(Data excerpts)
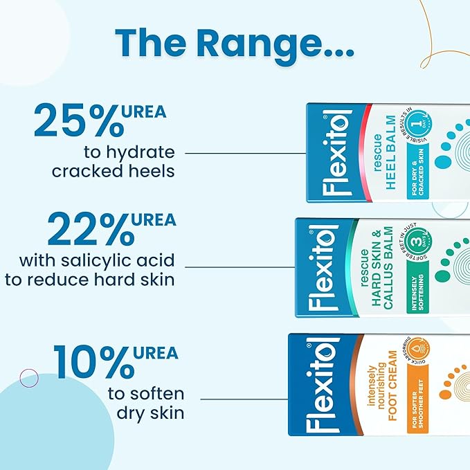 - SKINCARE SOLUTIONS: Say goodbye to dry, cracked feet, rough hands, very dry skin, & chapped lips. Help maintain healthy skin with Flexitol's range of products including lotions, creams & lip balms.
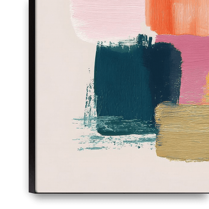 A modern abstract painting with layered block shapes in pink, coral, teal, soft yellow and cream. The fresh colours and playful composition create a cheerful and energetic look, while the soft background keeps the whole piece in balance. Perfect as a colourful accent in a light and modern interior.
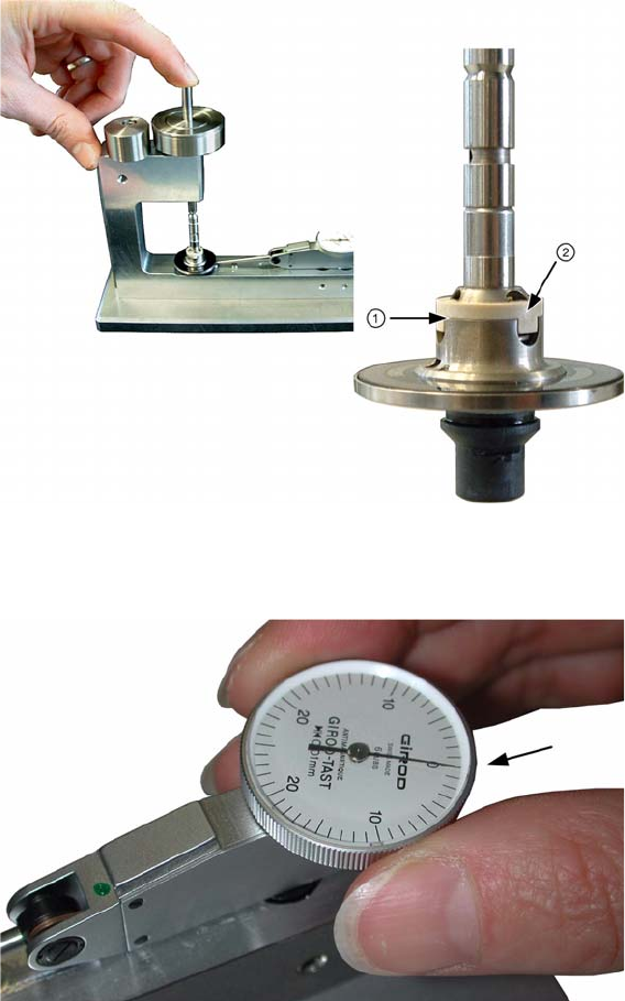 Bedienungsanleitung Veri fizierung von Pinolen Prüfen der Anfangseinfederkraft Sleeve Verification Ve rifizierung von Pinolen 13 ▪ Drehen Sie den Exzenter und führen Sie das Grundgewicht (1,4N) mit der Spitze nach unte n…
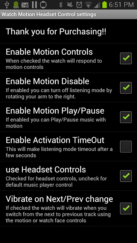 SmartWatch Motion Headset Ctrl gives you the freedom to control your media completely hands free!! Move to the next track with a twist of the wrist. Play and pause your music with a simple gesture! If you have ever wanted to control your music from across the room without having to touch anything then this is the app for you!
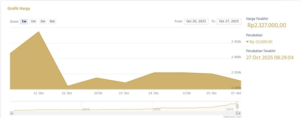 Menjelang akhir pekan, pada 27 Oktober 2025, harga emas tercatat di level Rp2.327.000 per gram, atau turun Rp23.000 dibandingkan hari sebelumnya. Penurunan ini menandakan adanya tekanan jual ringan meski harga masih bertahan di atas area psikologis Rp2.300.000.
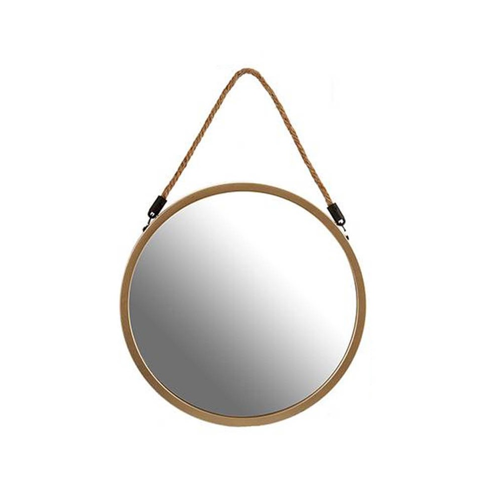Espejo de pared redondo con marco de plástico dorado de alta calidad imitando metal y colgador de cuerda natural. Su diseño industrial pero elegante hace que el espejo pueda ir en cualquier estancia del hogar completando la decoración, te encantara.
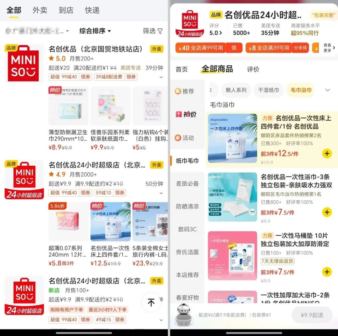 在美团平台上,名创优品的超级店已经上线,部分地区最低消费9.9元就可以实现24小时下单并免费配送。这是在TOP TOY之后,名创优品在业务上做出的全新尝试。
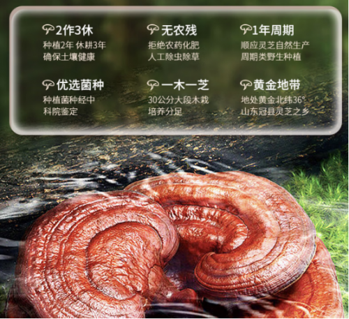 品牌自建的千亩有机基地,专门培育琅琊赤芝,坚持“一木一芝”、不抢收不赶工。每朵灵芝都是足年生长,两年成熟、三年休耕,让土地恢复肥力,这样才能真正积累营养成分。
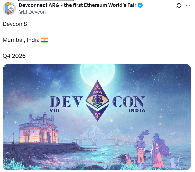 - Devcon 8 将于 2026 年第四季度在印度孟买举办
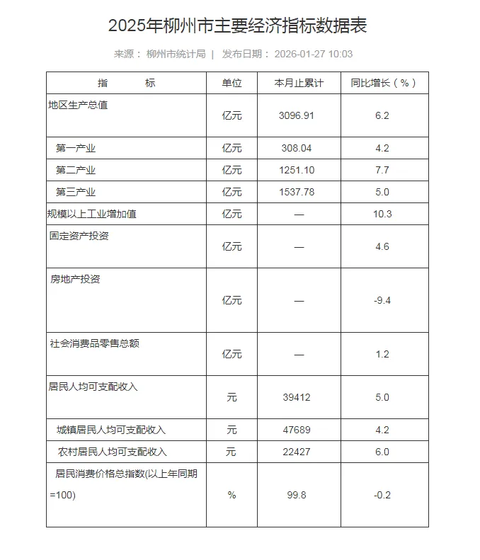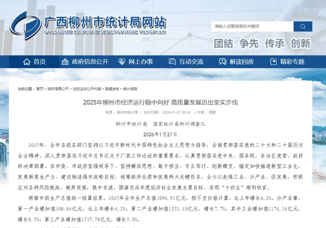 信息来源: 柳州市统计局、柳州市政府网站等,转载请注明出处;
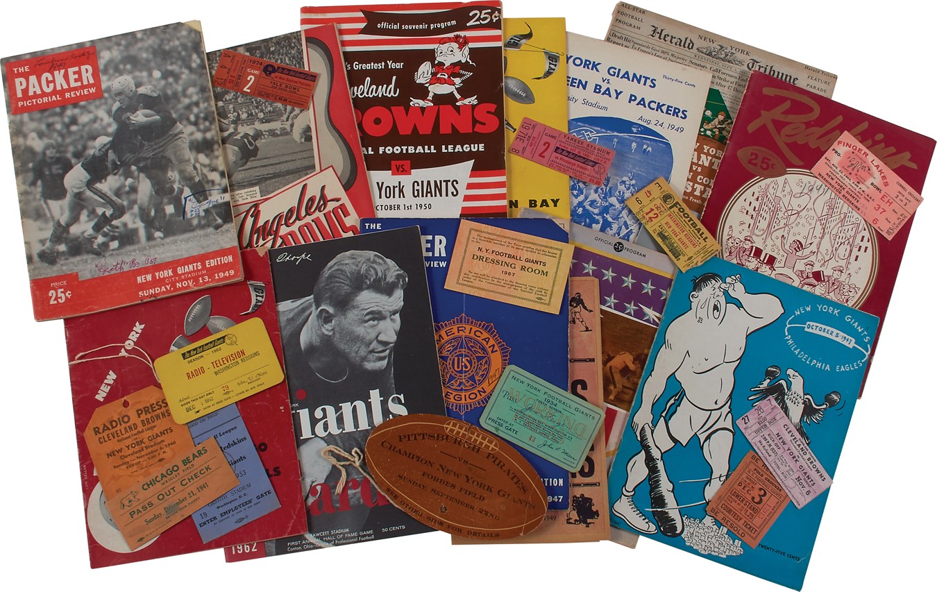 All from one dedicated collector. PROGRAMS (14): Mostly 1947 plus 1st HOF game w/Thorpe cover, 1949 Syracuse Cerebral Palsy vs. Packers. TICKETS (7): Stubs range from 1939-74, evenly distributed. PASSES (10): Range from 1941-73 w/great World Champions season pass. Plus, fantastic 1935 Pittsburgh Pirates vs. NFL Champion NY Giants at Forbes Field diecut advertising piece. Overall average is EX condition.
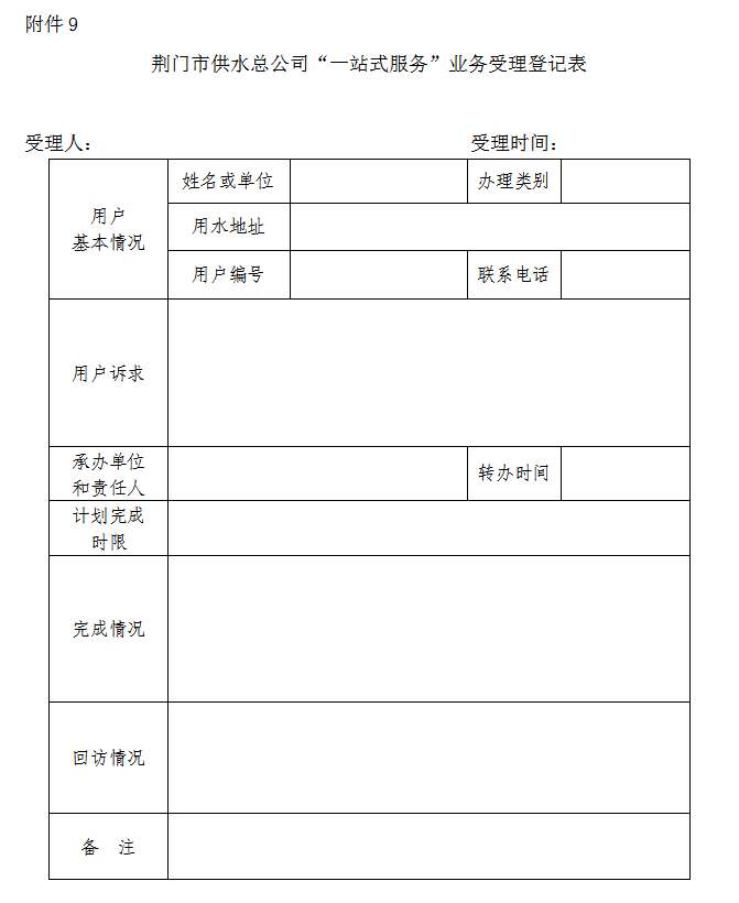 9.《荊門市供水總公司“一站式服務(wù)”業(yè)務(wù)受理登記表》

◆ **The task**
When you come to the line containing "信息来源: 柳州市统计局、柳州市政府网站等,转载请注明出处;" in the records above, repeat that line and all lines after it exactly, but not the pictures.

◆ **Reply to the exercise**
 信息来源: 柳州市统计局、柳州市政府网站等,转载请注明出处;
 All from one dedicated collector. PROGRAMS (14): Mostly 1947 plus 1st HOF game w/Thorpe cover, 1949 Syracuse Cerebral Palsy vs. Packers. TICKETS (7): Stubs range from 1939-74, evenly distributed. PASSES (10): Range from 1941-73 w/great World Champions season pass. Plus, fantastic 1935 Pittsburgh Pirates vs. NFL Champion NY Giants at Forbes Field diecut advertising piece. Overall average is EX condition.
 9.《荊門市供水總公司“一站式服務(wù)”業(yè)務(wù)受理登記表》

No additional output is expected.